This year, there is no third-party candidate capable of winning any electoral votes — but a tie is still possible, particularly if Pennsylvania and the Southwest move in opposite directions in the last days of the campaign. In that case, we could wind up with a map something like the following:
National polls have tightened, but Biden retains a clear popular vote majority. He's fallen short in the Southeast, but held on to the Upper Midwest and even broken through in Arizona. But Pennsylvania has slipped through his grasp. The Electoral College is deadlocked — unless Nebraska's Second District tilts his way, giving him a single vote majority.
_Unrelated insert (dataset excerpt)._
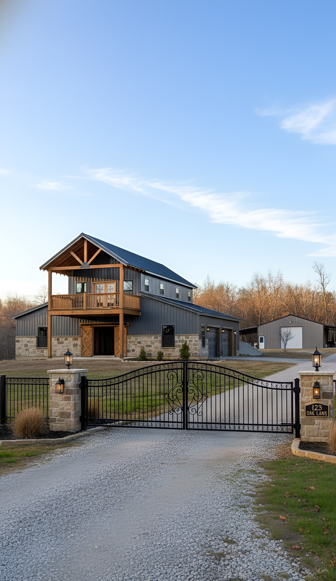 For a classic barndominium look, try timber columns on stone bases with a black metal gate. For a cleaner design, use simple masonry pillars with sleek lighting. This feature works especially well on larger lots where the driveway begins far from the house.

This scenario is unlikely now — FiveThirtyEight.com estimates a less than 1 percent likelihood of an Electoral College tie at present. But it becomes much more likely if key states break a certain way. If Trump wins Pennsylvania, the odds go up to 2 percent. If Biden also wins Arizona, the odds go up to 4 percent. If Trump also holds Florida, but Biden holds Maine and New Hampshire, the odds of a tie are nearly 20 percent (all probabilities based on FiveThirtyEight's handy little scenario tool).
The possibility of this scenario is one reason why Trump is campaigning in Nebraska, a state he is almost certain to win. If Biden can pick up that one electoral vote from metro Omaha, a tie becomes almost impossible, and Arizona — where Biden's lead is small but steady — becomes a viable backup plan to losing the Southeast plus Pennsylvania. If he can't, then that same scenario throws the election to the House.
What happens then? While the Democrats control the chamber, that wouldn't matter for this vote. If the Electoral College deadlocks, the House decides the winner on the basis of one vote per state delegation. Right now, Republicans control 26 delegations — and it's a safe bet that they'd vote to re-elect Trump even if he lost the popular vote by a substantial margin, regardless of the consequences to the legitimacy of our democratic institutions.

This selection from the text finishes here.